The prospect of “nice rooms” in a genteel area, with a partner to share the expense, was an attractive proposition to Sherlock Holmes at the beginning of his career. The interior of 221b is recreated at the Sherlock Holmes Museum.
It is rather more difficult to determine Mrs. Hudson’s social class. She is not Holmes and Watson’s housekeeper but their landlady, as it is she who owns the lease on 221B Baker Street (the Portman Estate was the freeholder, retaining ownership of the land on which the house is built). She is a businesswoman rather than a domestic servant (from the stories, we deduce that a cook and maid also live-in at 221B). Holmes and Watson confirm her higher status by referring to her as “Mrs. Hudson,” rather than the more familiar “Hudson” they would use to address a servant. Despite this, Mrs. Hudson fulfills several housekeeper-like roles for her tenants. She “shows up” Holmes’s more important clients to the sitting room. She also prepares coffee and at least some of their meals. (Holmes rudely describes her “cuisine” as being “a little limited.”) She is probably a member of what would then have been referred to as the “lower middle classes.” Despite their class differences, Mrs. Hudson’s discreet presence becomes necessary to Holmes in particular and she is clearly devoted to him.

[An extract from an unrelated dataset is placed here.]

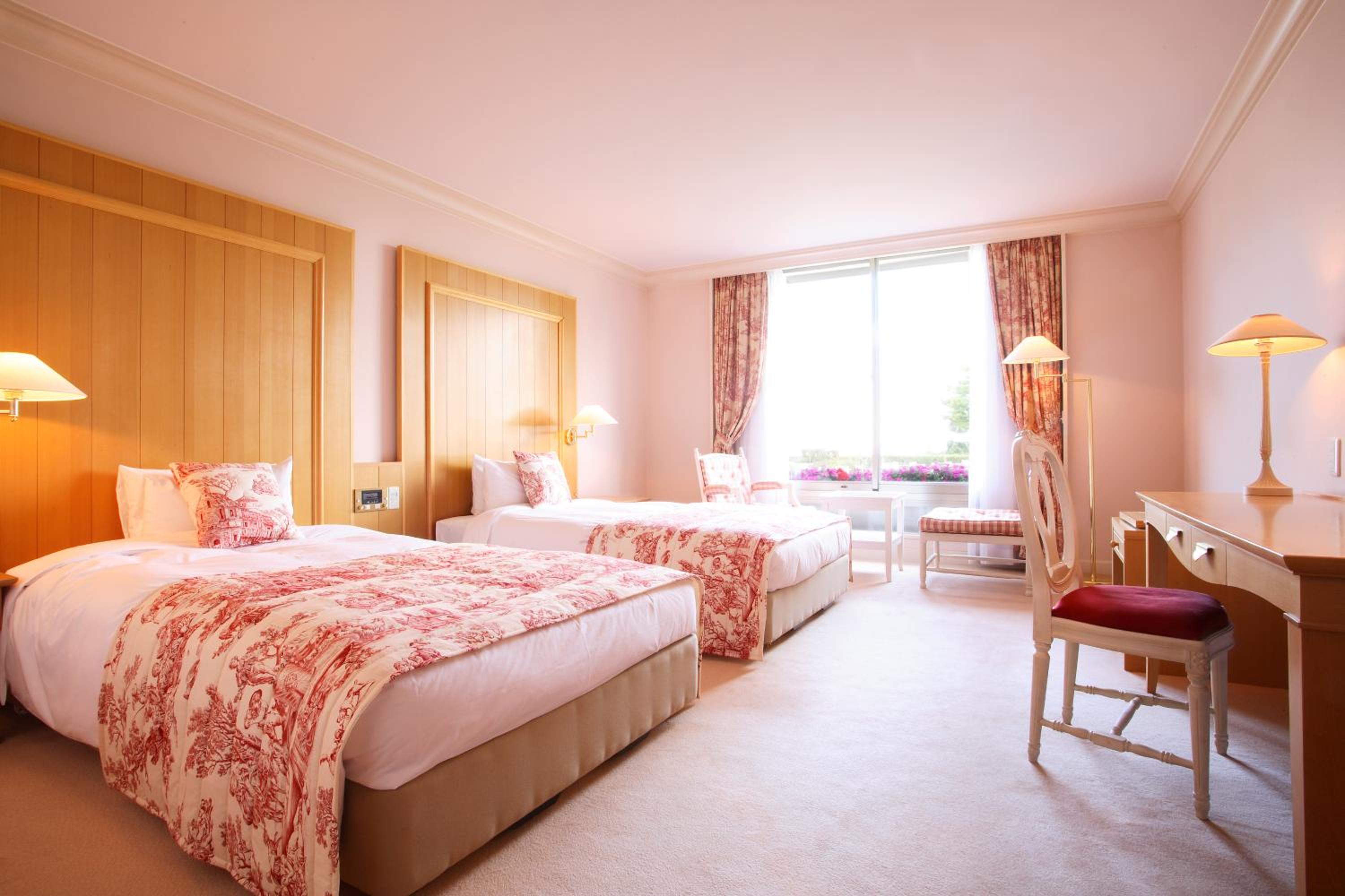 L'Hotel de Hiei in Kyoto offers air-conditioned rooms with modern amenities like a flat-screen TV, safety deposit box, and private bathroom. The rooms are elegantly furnished to provide a comfortable stay for guests.
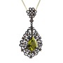 Peridot ve dumanlı kuvars 925 ayar siyah rodyum kaplama gümüş kolye (40 cm altın rolo zincir)

Through the Baker Street Irregulars (around a dozen street urchins recruited by Holmes to help him in his detective work), Holmes is also intimately connected with the rough life of the London streets. He refers to their leader, Wiggins, as his “dirty little lieutenant,” and asserts that Wiggins’s followers are his “eyes and ears on the streets.” It is certainly true that his “Baker Street division of the detective police force” can get into places the great detective never could. But Holmes’s unsentimental attitude to these children is quite illuminating. Although he pays them generously for their help and information, he does not seem to find their unescorted and un-parented state at all worrying or unacceptable. Quite the contrary, he appears to admire their independence and street-smart toughness.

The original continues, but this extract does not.